> Records shown
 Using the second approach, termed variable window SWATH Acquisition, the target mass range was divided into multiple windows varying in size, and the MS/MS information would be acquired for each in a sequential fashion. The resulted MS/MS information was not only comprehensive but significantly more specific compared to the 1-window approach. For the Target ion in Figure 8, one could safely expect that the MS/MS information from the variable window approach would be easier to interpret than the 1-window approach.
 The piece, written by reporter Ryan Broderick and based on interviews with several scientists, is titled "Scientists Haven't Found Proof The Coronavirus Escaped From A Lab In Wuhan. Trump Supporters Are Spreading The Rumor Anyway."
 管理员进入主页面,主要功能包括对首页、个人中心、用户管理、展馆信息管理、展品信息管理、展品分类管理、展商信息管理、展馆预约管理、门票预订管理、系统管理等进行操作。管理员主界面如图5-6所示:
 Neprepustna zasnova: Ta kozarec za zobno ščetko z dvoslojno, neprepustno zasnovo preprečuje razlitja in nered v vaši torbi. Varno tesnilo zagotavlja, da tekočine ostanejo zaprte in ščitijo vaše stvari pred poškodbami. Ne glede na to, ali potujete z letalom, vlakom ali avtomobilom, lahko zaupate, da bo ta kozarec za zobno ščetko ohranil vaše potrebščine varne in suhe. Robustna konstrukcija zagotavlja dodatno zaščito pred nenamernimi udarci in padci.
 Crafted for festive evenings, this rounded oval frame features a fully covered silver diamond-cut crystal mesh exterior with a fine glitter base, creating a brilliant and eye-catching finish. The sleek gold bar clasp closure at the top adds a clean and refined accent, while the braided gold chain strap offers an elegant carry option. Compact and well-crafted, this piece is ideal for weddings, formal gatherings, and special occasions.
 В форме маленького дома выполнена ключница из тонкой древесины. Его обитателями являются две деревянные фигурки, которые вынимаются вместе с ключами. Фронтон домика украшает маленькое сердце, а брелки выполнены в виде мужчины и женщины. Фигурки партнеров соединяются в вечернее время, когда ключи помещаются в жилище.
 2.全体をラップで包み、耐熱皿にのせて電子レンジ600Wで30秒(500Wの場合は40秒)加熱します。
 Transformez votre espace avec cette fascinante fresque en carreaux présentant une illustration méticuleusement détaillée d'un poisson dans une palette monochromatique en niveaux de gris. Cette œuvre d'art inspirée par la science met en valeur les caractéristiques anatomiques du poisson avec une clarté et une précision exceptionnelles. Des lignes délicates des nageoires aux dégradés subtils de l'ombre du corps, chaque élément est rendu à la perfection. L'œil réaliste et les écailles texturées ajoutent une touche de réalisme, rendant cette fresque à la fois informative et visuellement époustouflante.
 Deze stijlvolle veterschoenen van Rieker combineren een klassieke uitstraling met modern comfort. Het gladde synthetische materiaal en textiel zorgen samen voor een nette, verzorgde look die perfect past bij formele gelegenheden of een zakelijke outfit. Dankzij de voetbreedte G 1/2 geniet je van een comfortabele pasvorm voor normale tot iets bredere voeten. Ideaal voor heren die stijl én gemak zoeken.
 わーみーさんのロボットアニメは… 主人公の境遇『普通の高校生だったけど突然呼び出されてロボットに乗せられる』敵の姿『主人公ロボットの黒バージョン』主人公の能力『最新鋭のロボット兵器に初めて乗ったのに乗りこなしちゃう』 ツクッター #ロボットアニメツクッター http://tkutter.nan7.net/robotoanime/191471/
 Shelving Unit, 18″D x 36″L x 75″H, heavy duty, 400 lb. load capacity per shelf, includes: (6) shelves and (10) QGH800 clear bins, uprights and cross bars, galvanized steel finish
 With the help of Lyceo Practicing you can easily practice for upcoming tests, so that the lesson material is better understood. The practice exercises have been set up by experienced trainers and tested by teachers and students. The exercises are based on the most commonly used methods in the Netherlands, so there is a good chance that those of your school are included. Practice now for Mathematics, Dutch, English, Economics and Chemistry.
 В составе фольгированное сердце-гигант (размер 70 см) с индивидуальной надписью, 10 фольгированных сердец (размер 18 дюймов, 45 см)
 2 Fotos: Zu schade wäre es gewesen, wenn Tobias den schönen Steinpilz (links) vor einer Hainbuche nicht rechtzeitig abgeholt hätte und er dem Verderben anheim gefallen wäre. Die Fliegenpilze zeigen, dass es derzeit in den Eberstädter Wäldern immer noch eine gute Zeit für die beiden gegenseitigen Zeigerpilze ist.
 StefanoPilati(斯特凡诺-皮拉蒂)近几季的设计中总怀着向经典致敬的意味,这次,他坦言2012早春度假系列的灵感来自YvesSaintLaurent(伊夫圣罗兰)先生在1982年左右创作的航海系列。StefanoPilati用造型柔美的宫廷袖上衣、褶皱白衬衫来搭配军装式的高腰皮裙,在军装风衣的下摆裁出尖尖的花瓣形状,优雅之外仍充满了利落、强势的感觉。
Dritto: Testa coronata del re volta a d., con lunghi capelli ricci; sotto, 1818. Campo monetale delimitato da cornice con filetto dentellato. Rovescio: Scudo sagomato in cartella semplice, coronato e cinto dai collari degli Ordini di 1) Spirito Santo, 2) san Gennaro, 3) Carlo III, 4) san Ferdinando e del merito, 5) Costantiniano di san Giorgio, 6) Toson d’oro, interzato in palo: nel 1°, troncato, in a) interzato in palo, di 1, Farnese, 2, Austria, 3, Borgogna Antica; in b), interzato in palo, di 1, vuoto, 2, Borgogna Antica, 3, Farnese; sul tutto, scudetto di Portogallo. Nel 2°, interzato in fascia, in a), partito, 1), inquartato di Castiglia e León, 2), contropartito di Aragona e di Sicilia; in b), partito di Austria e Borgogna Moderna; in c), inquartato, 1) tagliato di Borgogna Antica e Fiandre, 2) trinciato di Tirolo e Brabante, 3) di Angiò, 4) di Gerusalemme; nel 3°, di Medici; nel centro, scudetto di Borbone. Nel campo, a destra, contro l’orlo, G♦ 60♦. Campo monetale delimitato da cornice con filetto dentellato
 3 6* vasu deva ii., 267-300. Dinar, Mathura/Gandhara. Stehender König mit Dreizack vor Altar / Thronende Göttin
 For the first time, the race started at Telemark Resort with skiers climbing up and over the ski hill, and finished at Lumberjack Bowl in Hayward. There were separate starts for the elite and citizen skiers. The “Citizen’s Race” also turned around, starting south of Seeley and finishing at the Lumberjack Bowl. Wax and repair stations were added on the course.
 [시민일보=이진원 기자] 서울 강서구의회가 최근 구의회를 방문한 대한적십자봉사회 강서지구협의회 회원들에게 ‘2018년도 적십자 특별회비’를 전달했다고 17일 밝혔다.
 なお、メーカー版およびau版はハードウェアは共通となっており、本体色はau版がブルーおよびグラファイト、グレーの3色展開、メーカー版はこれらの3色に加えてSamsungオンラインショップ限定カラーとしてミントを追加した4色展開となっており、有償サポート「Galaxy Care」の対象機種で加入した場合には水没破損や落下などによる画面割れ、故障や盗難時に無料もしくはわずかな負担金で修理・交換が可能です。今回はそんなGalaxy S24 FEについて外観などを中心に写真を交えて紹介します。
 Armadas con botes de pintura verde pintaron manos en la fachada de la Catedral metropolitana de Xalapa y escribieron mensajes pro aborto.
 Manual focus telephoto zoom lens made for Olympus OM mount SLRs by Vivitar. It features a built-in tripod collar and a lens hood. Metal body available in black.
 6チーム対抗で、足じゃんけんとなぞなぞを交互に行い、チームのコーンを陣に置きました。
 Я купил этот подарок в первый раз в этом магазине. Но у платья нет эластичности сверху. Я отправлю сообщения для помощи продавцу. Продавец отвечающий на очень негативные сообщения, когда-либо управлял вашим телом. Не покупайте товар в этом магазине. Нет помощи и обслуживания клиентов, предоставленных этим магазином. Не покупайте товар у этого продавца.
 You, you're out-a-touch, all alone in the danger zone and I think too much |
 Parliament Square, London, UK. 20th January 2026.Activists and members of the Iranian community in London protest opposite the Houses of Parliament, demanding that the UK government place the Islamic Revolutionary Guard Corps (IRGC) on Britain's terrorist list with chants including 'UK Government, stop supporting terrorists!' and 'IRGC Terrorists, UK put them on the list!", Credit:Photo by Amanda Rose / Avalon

> Brief
Could you restate, word for word, the lines above from the one with "Neprepustna zasnova: Ta" to the one with "Crafted for festive", both included?

> Answer to the exercise
 Neprepustna zasnova: Ta kozarec za zobno ščetko z dvoslojno, neprepustno zasnovo preprečuje razlitja in nered v vaši torbi. Varno tesnilo zagotavlja, da tekočine ostanejo zaprte in ščitijo vaše stvari pred poškodbami. Ne glede na to, ali potujete z letalom, vlakom ali avtomobilom, lahko zaupate, da bo ta kozarec za zobno ščetko ohranil vaše potrebščine varne in suhe. Robustna konstrukcija zagotavlja dodatno zaščito pred nenamernimi udarci in padci.
 Crafted for festive evenings, this rounded oval frame features a fully covered silver diamond-cut crystal mesh exterior with a fine glitter base, creating a brilliant and eye-catching finish. The sleek gold bar clasp closure at the top adds a clean and refined accent, while the braided gold chain strap offers an elegant carry option. Compact and well-crafted, this piece is ideal for weddings, formal gatherings, and special occasions.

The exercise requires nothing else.